There are “ongoing” conversations at the US Centers for Disease Control and Prevention about expanding airport health screenings for the novel coronavirus due to the rapid spread of the infection in Italy, South Korea and Japan, according to an agency spokesperson.
Currently, the United States is doing health screenings only for passengers who are flying in from China. Those screenings involve a temperature check and observations for symptoms.
At the time the CDC made the decision to start screening passengers from China, there were far fewer cases of the coronavirus in China than there are currently in Italy, South, Korea or Japan.
When the screening started on January 17, there were 45 reported cases of the new coronavirus in China. Japan currently has about three times that number of cases, Italy has about 10 times as many, and South Korea has more than 25 times as many.
“We’re not changing our posture at the moment [but] every day we re-evaluate what we’re doing and making sure that we’re adjusting what we’re doing to make sure we’re hitting the right notes,” the CDC spokesperson said.
In addition to airport screenings, there are travel restrictions for passengers arriving from China. Foreign nationals who have visited China in the past 14 days may not enter the United States. Citizens and residents may enter, but based on their travel and health history, they will have some level of restrictions on their movements for 14 days from the time they left China, according to the CDC.
At a press conference Wednesday night, President Trump said there could be travel restrictions placed on passengers from other countries such as South Korea and Italy.
“At a right time we might do that. Right now it’s not the right time. But at a right time,” Trump said.
When asked specifically about travelers from Italy, Trump said “at some point we may cut that off. At some point depending on what happens we may cut certain additional countries off, like we’ve had to do with China.”
Some experts would like to see the airport health screenings expanded.
Dr. Arthur Reingold, head of the division of epidemiology and biostatistics at the University of California, Berkeley, said the “extrapolation” from China to the other countries “makes sense.”
“I think if we’re going to try and reduce the introduction of the virus in the United States, then presumably the answer is yes,” said Reingold, a former CDC infectious disease epidemiologist.
There have been 400 cases in Italy and 12 deaths, 1,261 cases in South Korea and 12 deaths, and 147 cases in Japan, with hundreds more cases from Diamond Princess cruise passengers who disembarked in Japan.

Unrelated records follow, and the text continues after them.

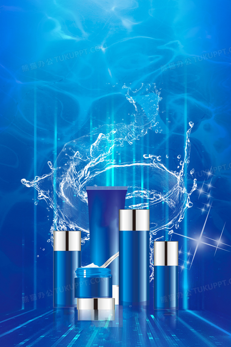 本作品内容为蓝色质感护肤品活动促销背景, 格式为 psd, 大小17 MB, 图片尺寸为1181 x 1772, 作品中背景图片无需修改, 源文件无水印,可以直接使用, 欢迎使用熊猫办公。 如认为平台内容涉嫌侵权,可通过邮件:tousu@tukuppt.com提出书面通知,我们将及时处理。
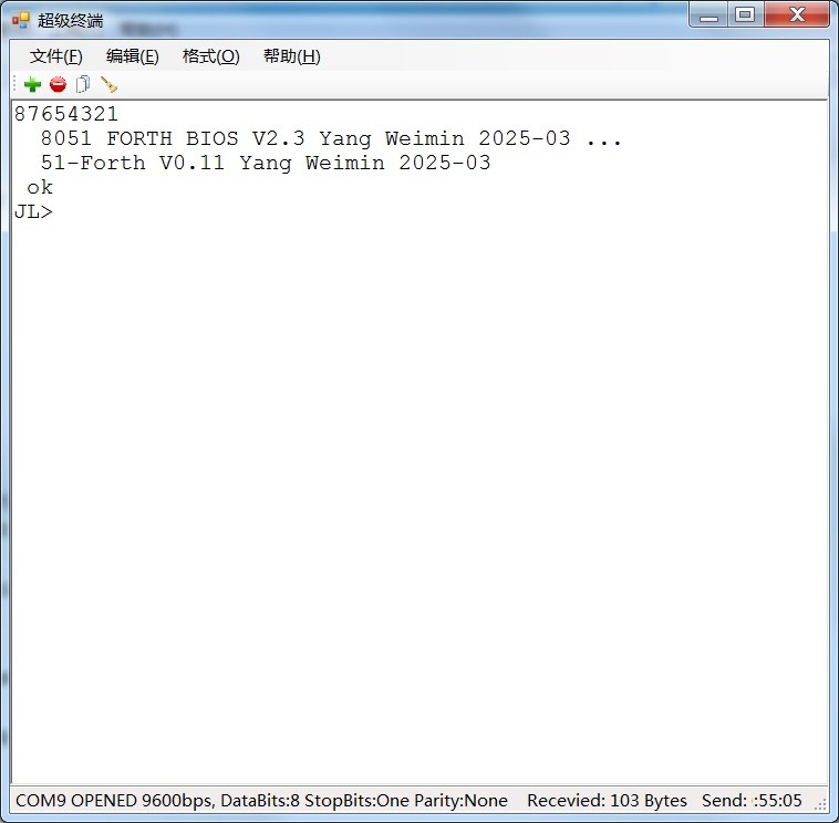 超级终端启动后,打开单片机的电源,可以看到51-FORTH系统的启动过程:
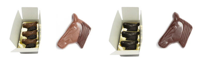 Maar we houden ook van lekkers en zijn verheugd u onze nieuwe actie te kunnen aanbieden. In samenwerking met chocolatier Tony Boeckaert uit Zulte bieden wij de gekende chocolade paardenkoppen aan.
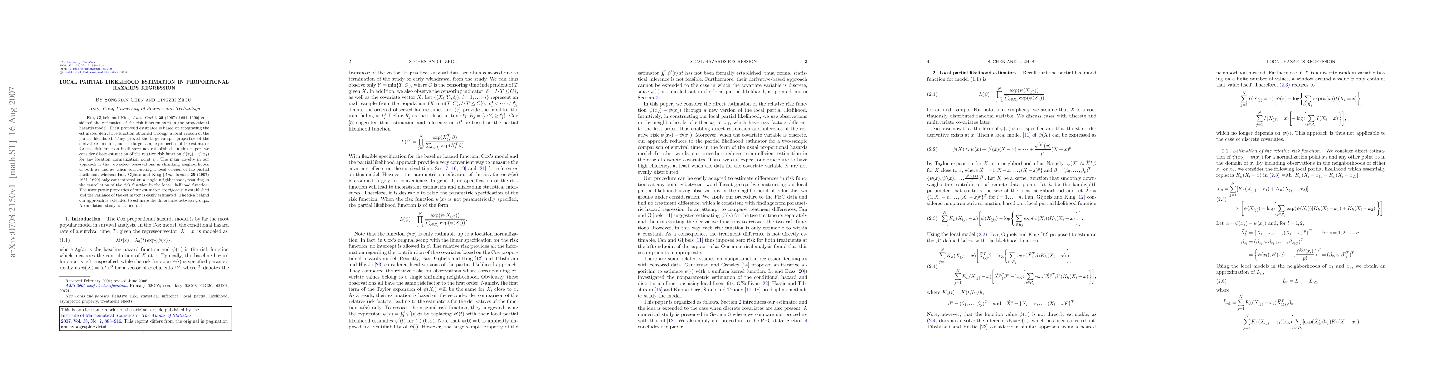 This paper proposes a new approach for estimating the risk function in proportional hazards regression, using local partial likelihood estimation with shrinking neighborhoods around both the location normalization point and the event time. The results show rigorously established asymptotic properties and easily estimable variance of the estimator.

Others think it would become unmanageable to monitor passengers from Italy, Japan and South Korea.
In 2018, more than 22 million passengers flew to the United States from the three countries combined, according to US Department of Transportation statistics.
“It becomes really unwieldy and complicated,” said Dr. Peter Hotez, an infectious disease specialist at Baylor College of Medicine. “And eventually, even a week from now, that list of countries could potentially double.”
He added that it made sense to screen passengers from China at the beginning of the outbreak, but that eventually it wouldn’t be worth the expense and time.
“I think we’ve maxed out on the benefit of travel screening,” he said. “It made sense when the passengers were coming from one country, and I think in some ways it was effective. But now we’re really going to see diminishing returns.”
Airport screening has long been controversial. Israel, for example, has abandoned it, with a health official there calling it “ineffective and inefficient.”
In the United States, temperature and symptom checks haven’t caught a single coronavirus case. However, another part of the screenings has worked better: At least two passengers read the information cards handed out during the screenings and sought medical care when they developed symptoms listed on the cards.
Globally, about 50% of the original exported cases were detected through temperature checks, according to Dr. Martin Cetron, director of the CDC’s Division of Global Migration and Quarantine.